### Task
Pictures aside, the data must be reproduced exactly.

### Supplied information
◇ ◇ ◇ ◇ ◇ ◇ ◇

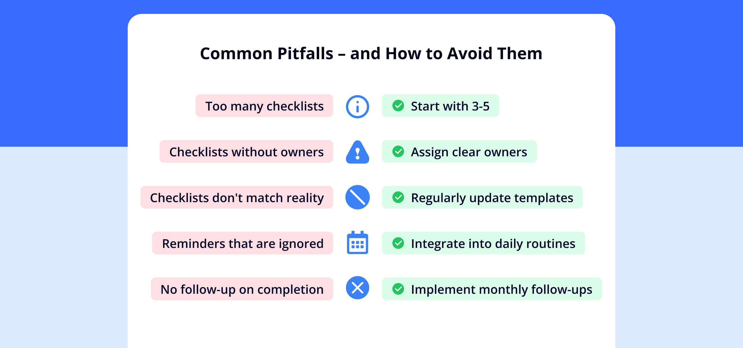Pitfall 5: No Follow-up on Checklist Completion
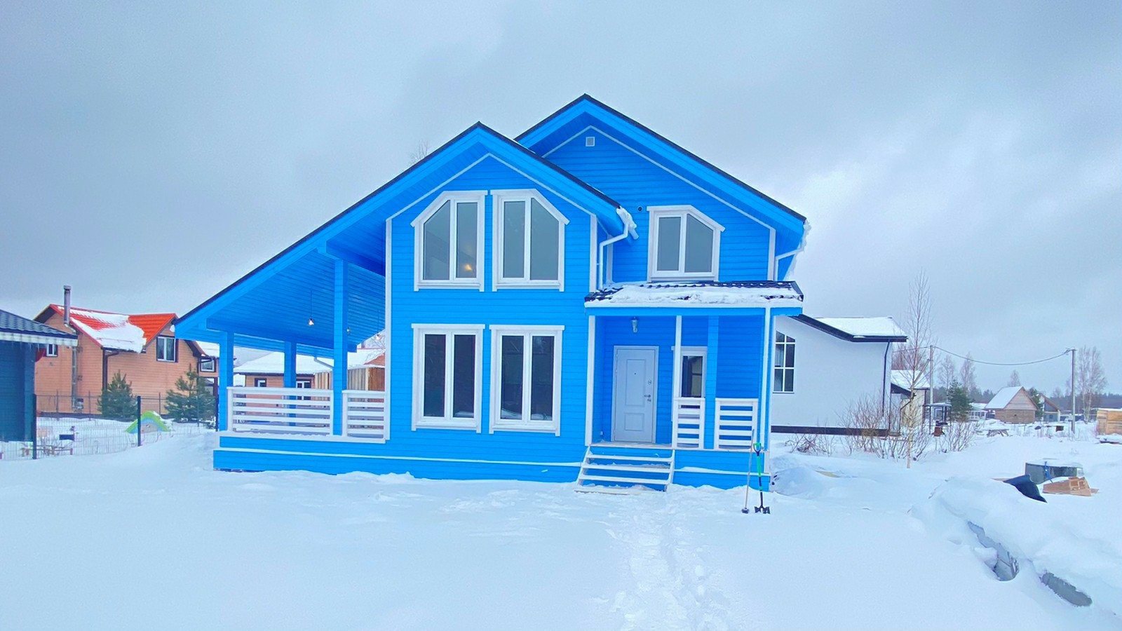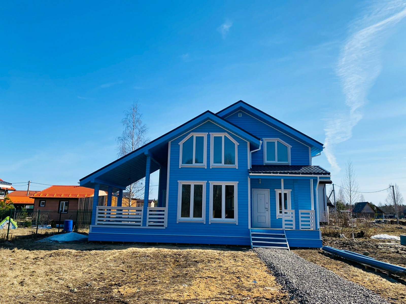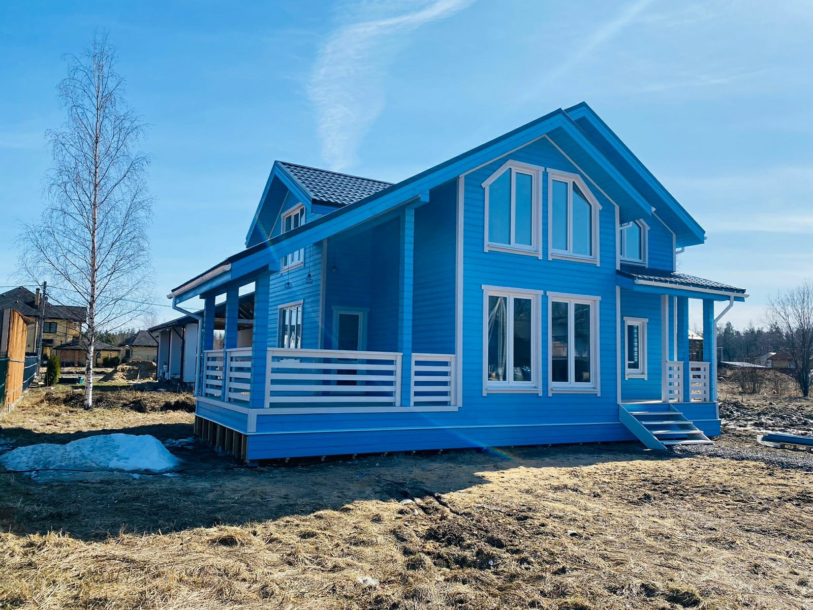 Построен дом по каркасной технологии, фундамент железо-бетонные сваи(можем предоставить проектную документацию), отделка фасада дома имитация бруса(фабричная покраска).
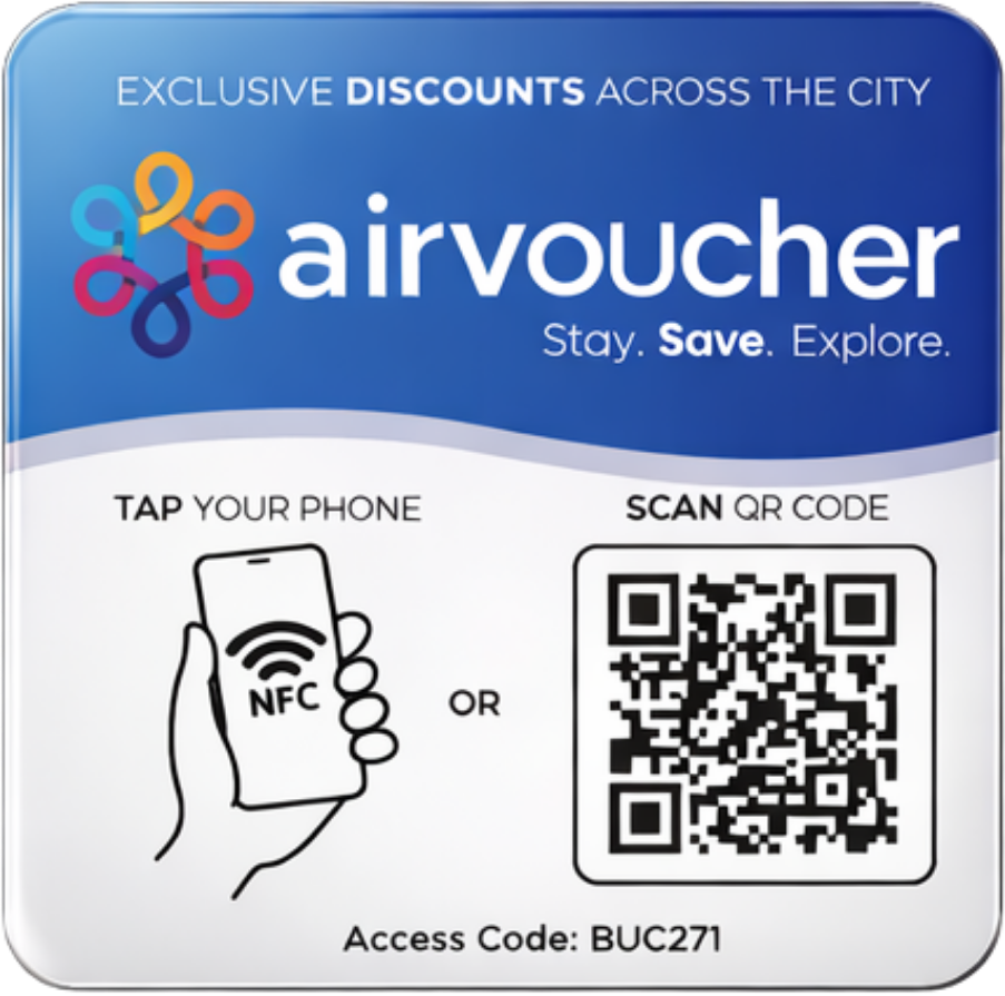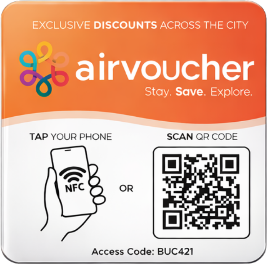 AirVoucher gives your guests access to exclusive local discounts and benefits across restaurants, bars, entertainment, and attractions. This enhances their experience in the city, adds value to their stay, and helps your property stand out with an added guest perk.

◇ ◇ ◇ ◇ ◇ ◇ ◇

### Response for this exercise
Pitfall 5: No Follow-up on Checklist Completion
 Построен дом по каркасной технологии, фундамент железо-бетонные сваи(можем предоставить проектную документацию), отделка фасада дома имитация бруса(фабричная покраска).
 AirVoucher gives your guests access to exclusive local discounts and benefits across restaurants, bars, entertainment, and attractions. This enhances their experience in the city, adds value to their stay, and helps your property stand out with an added guest perk.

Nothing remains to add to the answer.